# NEW DOG Situation



## Guest (Dec 1, 2008)

You get a van load of new dogs at your facility and are training them for DP work. In the bitework you notice a few of the the younger dogs (16-24months) have conflict when removing the dog from the bite? As you approach the dog, he squirms and tries to get away from you knowing you are going to take him off? What do you do? How do you approach that? No verbal out is taught/necessary at this time for your particular department.

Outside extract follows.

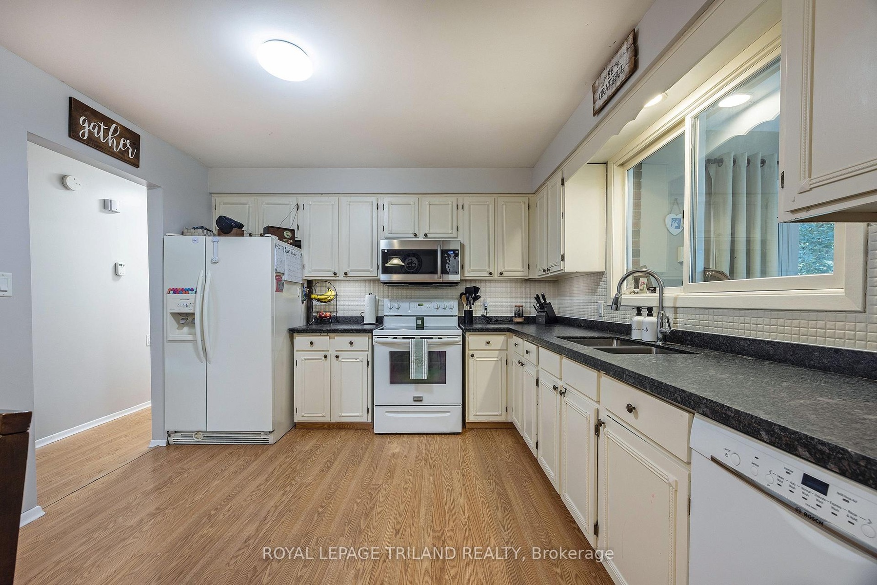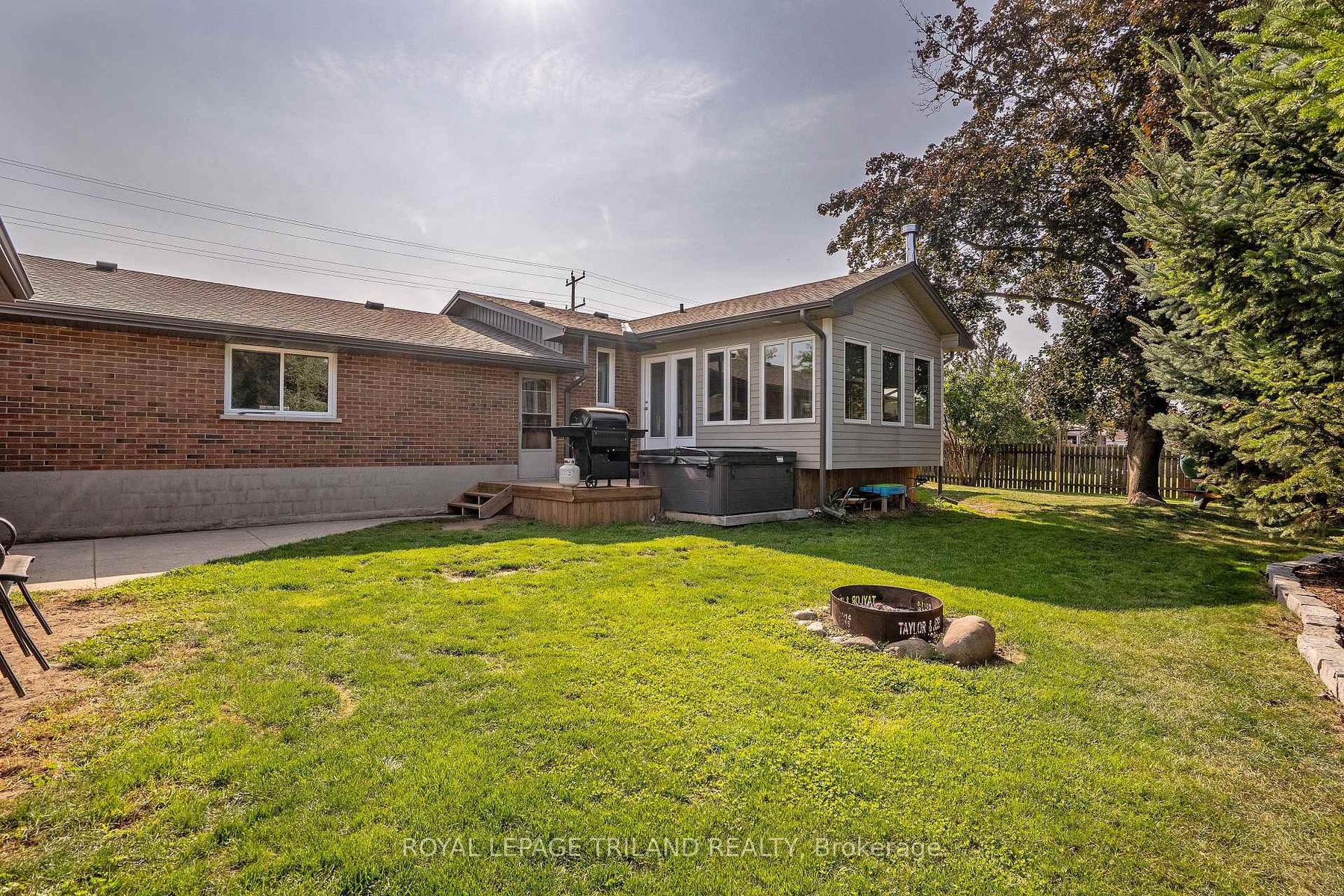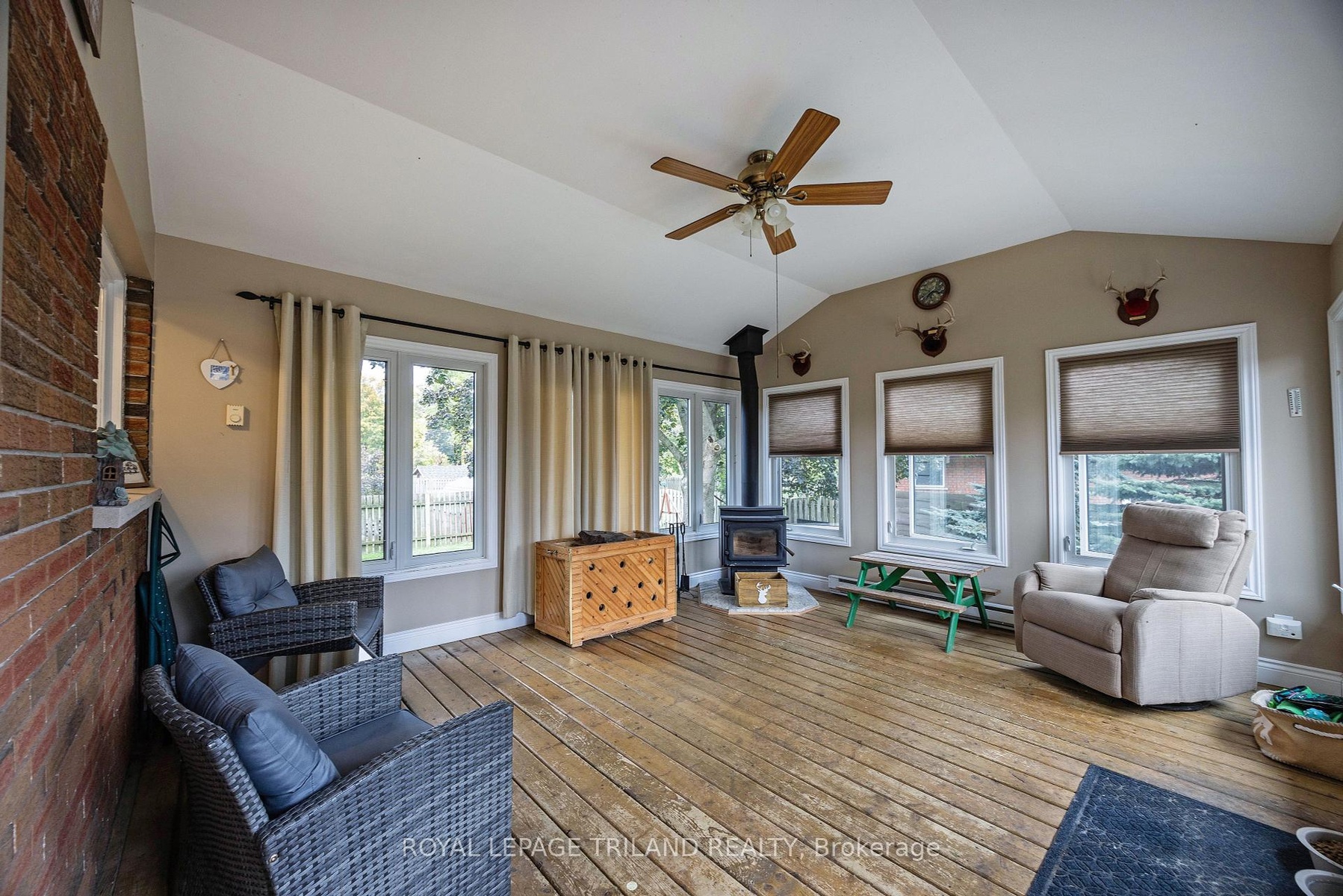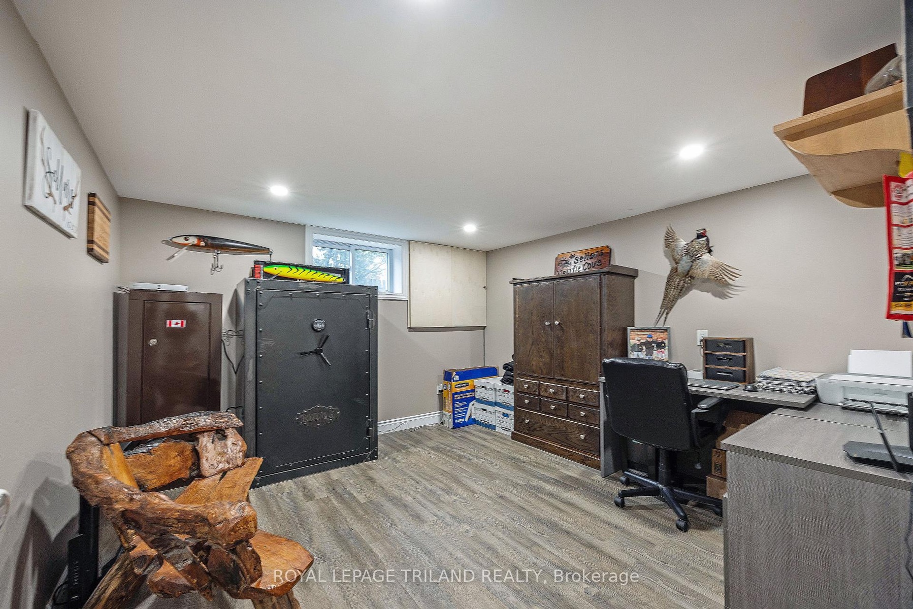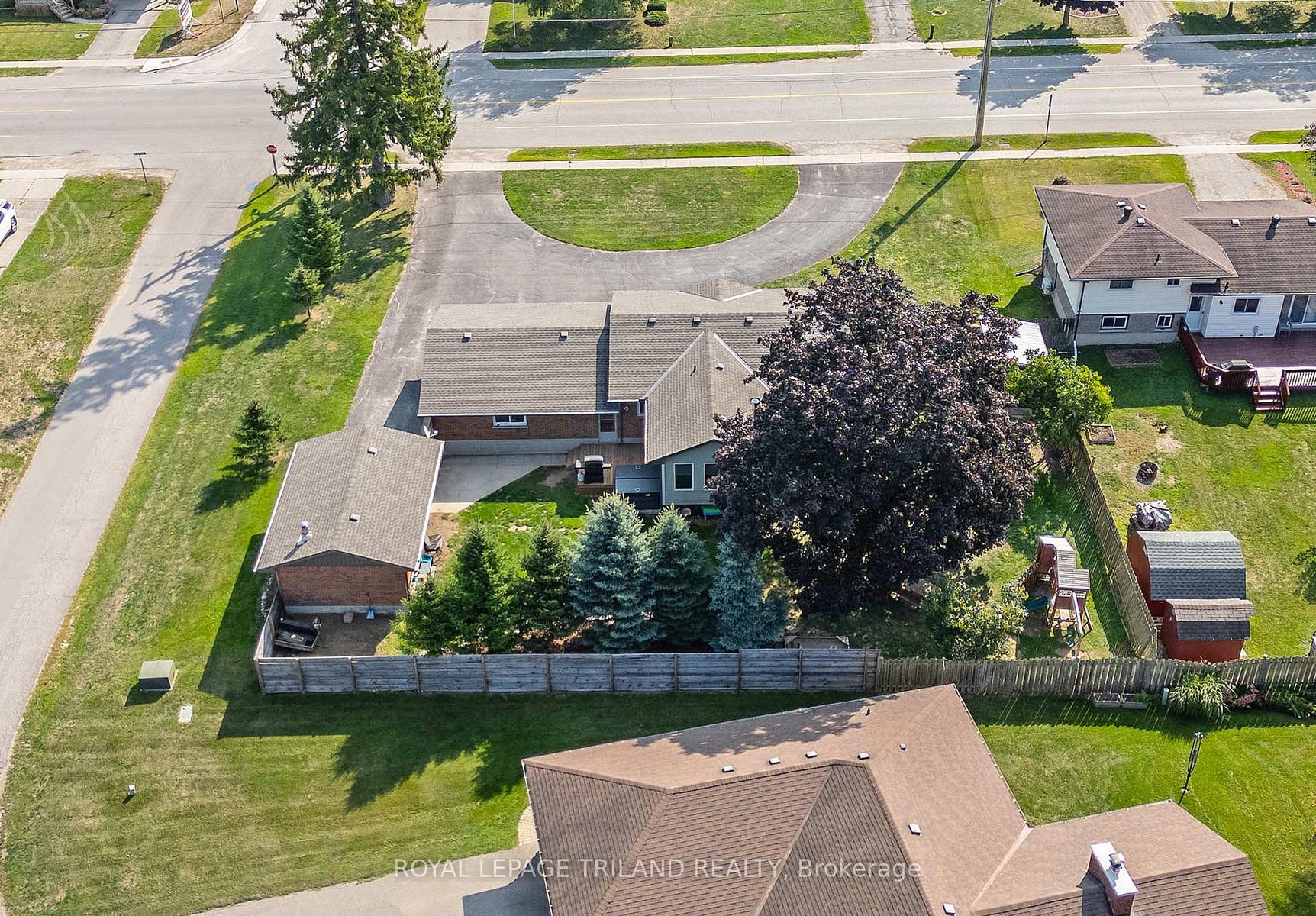 The home you have been waiting for!!!! This Fabulous Brick Bungalow sits on a double corner lot. Boasting, a paved semi-circle driveway, a huge double attached garage 27x24, plus a single detached garage, workshop or man cave 15x22 with 60 AMP service. The home features a country size Eat-in Kitchen with Granite Counter Tops 2024 and a very large Pantry. On top of this a Good Sized Living Room and Bonus Sun Room looking out over a Deck 2025 complete with Hot Tub and Landscaped Backyard featuring lots of Mature Trees and a New Shed 2025. Downstairs we have a Full Basement reno 2020, with a 40 by 12 Rec Room, Large Bathroom with Walk-in Glass Shower, Huge Laundry Room with Countertops and a 4th Bedroom or Office, Loads of Storage. On top of all this we have Garage Doors 2017, Furnace 2017, Windows 2018, Roof 2019, AC 2020, Siding, Soffit, Fascia and Eavestrough 2022, Owned Water Heater 2023, Lorex Security System 2024, Generator Plug and if that's not enough Permanent Christmas / Exterior Lighting 2024. Don't Miss This Opportunity to Own a Beautiful Property and a Quiet Lifestyle in the Village of Ailsa Craig. See this one First!!!!

Do you do Team building exercises to let the dog get comfortable? Beat the dog senseless? What do you do to reduce the conflict and clear the dogs head?


----------



## will fernandez (May 17, 2006)

Wouldnt do bite work for the first 10 days.

Absolutely team building

First bites would be very short and the dog would only work from in between my legs. Lots of petting the dog while on the bite. Would only use the break stick until the dog was comfortable on the bite.

Then would add distance but continue to work the dog inbetween my while he was on the bite then out.


----------



## Jim Nash (Mar 30, 2006)

We have a 12 week course and ease into the bitework to try and avoid that . We try and get the out foundation set pretty good off of other objects before moving on to the sleeve or suit . 

With that said some dogs will still have a conflicy moving on to that . We will usually step back in training and go from there . It depends on the dog though on what we do . Some will be so possesive it may always be a problem . My last dog was one of them . I did everything I could have to reduce that conflict and wasn't able to improve it that much . In the end he basically had to do what I wanted while on the bite no matter how pissed he got , with me or the badguy .


----------



## Jim Duncan (Jan 19, 2009)

I would also agree with the team building. We do lots of "run byes" where the handler approaches, praises the dog, pets the dog and grabs the collar while it is on the bite thne backs away. We do a lot of those in the beginning and then slip the suit top or sleeve. It gets the dog used to the handler approaching and eliminates that "handler conflict." It also eliminates the dog always expecting to be lifted off when the handler approaches. 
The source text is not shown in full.